**EXERCISE DIRECTIONS:**
Among the entries below, which lines run from the line with "細胞外マトリックス(ECM)" through the line with "Für euch haben"? Retype those, both ends included, exactly and without pictures.

**PROVIDED DATA:**
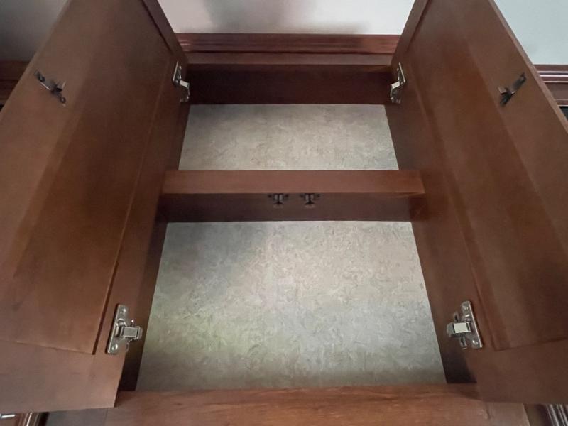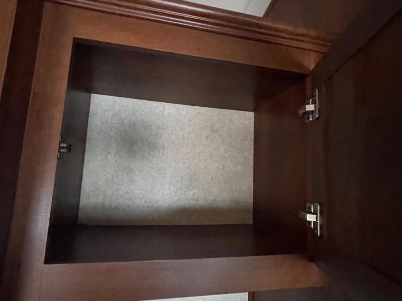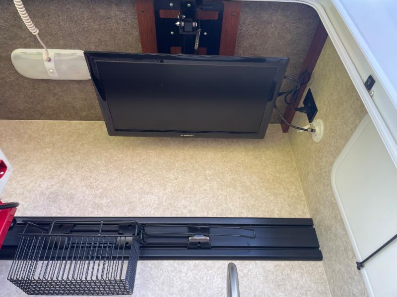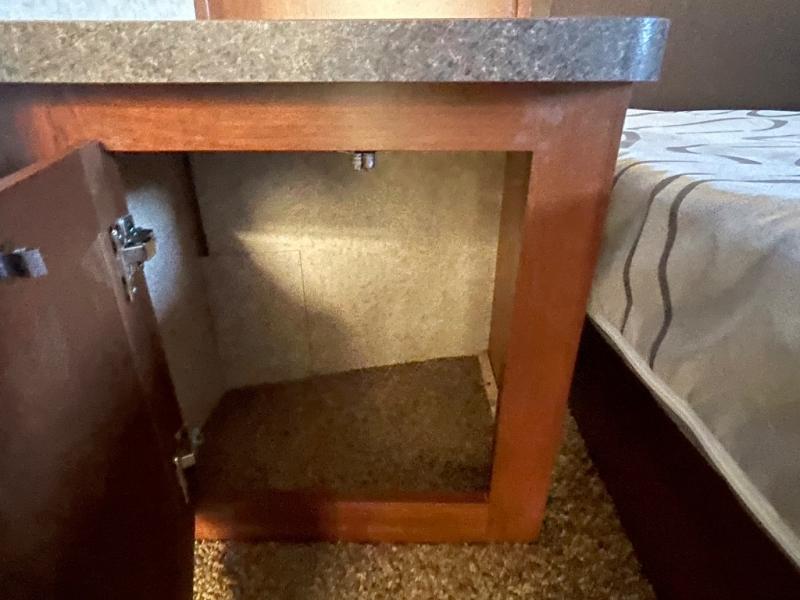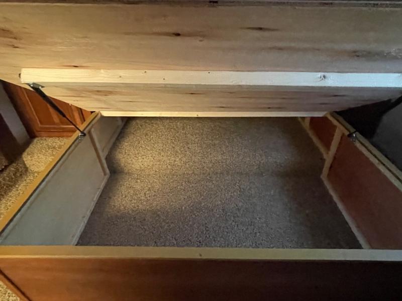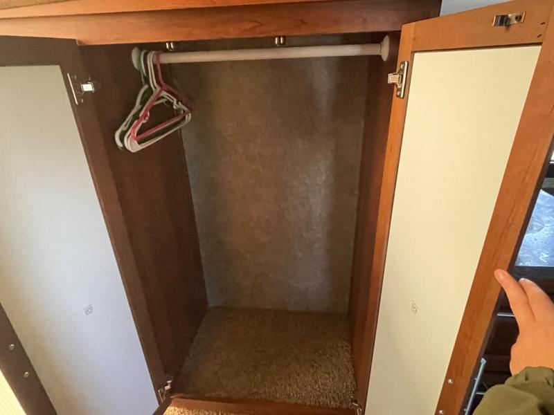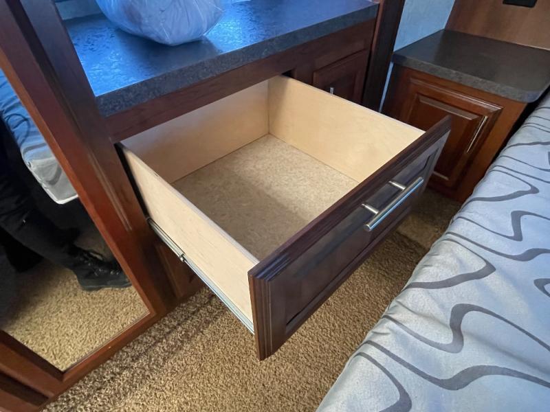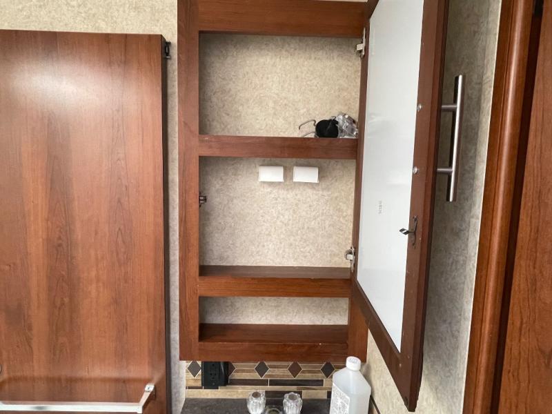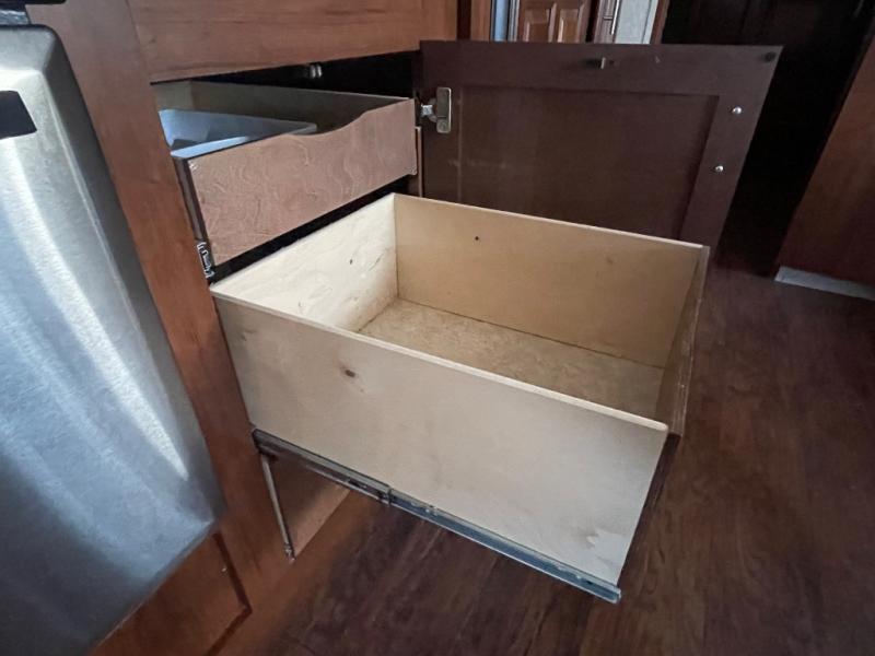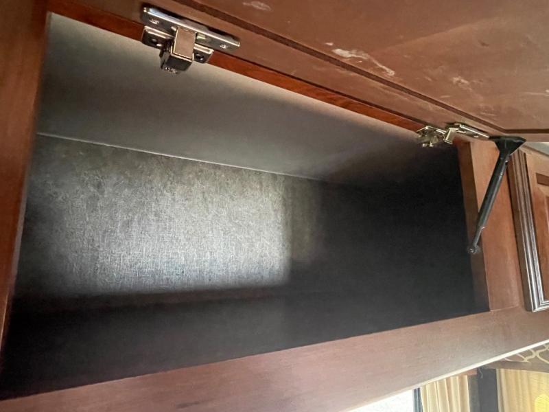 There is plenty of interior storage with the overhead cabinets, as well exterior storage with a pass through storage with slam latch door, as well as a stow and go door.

--

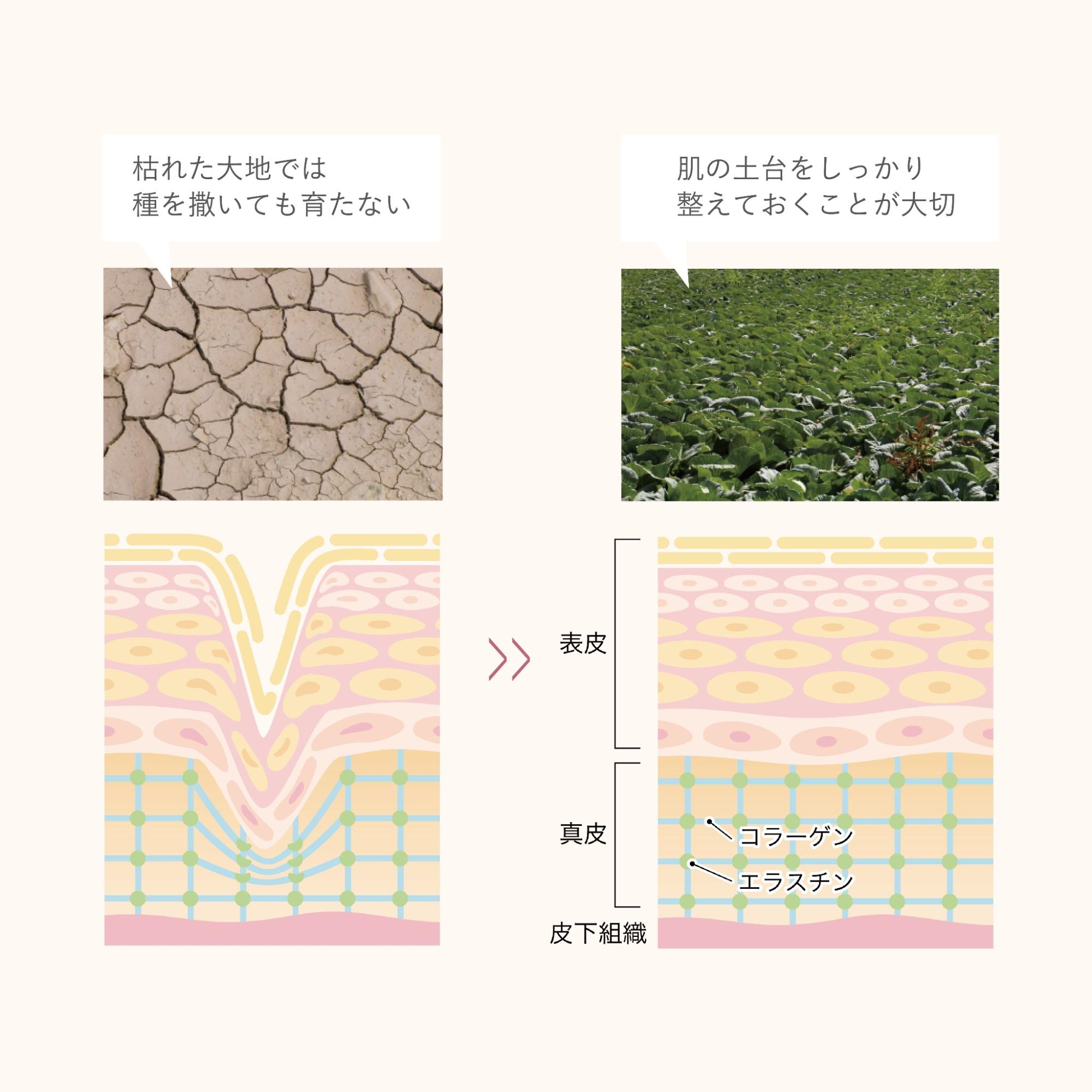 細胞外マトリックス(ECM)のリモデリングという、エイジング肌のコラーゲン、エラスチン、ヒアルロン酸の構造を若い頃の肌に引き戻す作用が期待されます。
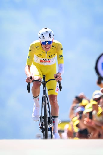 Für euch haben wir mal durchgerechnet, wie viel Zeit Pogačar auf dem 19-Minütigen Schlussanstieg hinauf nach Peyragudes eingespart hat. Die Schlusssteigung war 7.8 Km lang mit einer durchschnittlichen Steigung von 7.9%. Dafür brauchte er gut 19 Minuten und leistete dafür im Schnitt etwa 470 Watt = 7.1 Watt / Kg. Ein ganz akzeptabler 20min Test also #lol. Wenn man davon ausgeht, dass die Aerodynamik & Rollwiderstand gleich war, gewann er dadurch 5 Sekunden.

**ANSWER SECTION:**
 細胞外マトリックス(ECM)のリモデリングという、エイジング肌のコラーゲン、エラスチン、ヒアルロン酸の構造を若い頃の肌に引き戻す作用が期待されます。
 Für euch haben wir mal durchgerechnet, wie viel Zeit Pogačar auf dem 19-Minütigen Schlussanstieg hinauf nach Peyragudes eingespart hat. Die Schlusssteigung war 7.8 Km lang mit einer durchschnittlichen Steigung von 7.9%. Dafür brauchte er gut 19 Minuten und leistete dafür im Schnitt etwa 470 Watt = 7.1 Watt / Kg. Ein ganz akzeptabler 20min Test also #lol. Wenn man davon ausgeht, dass die Aerodynamik & Rollwiderstand gleich war, gewann er dadurch 5 Sekunden.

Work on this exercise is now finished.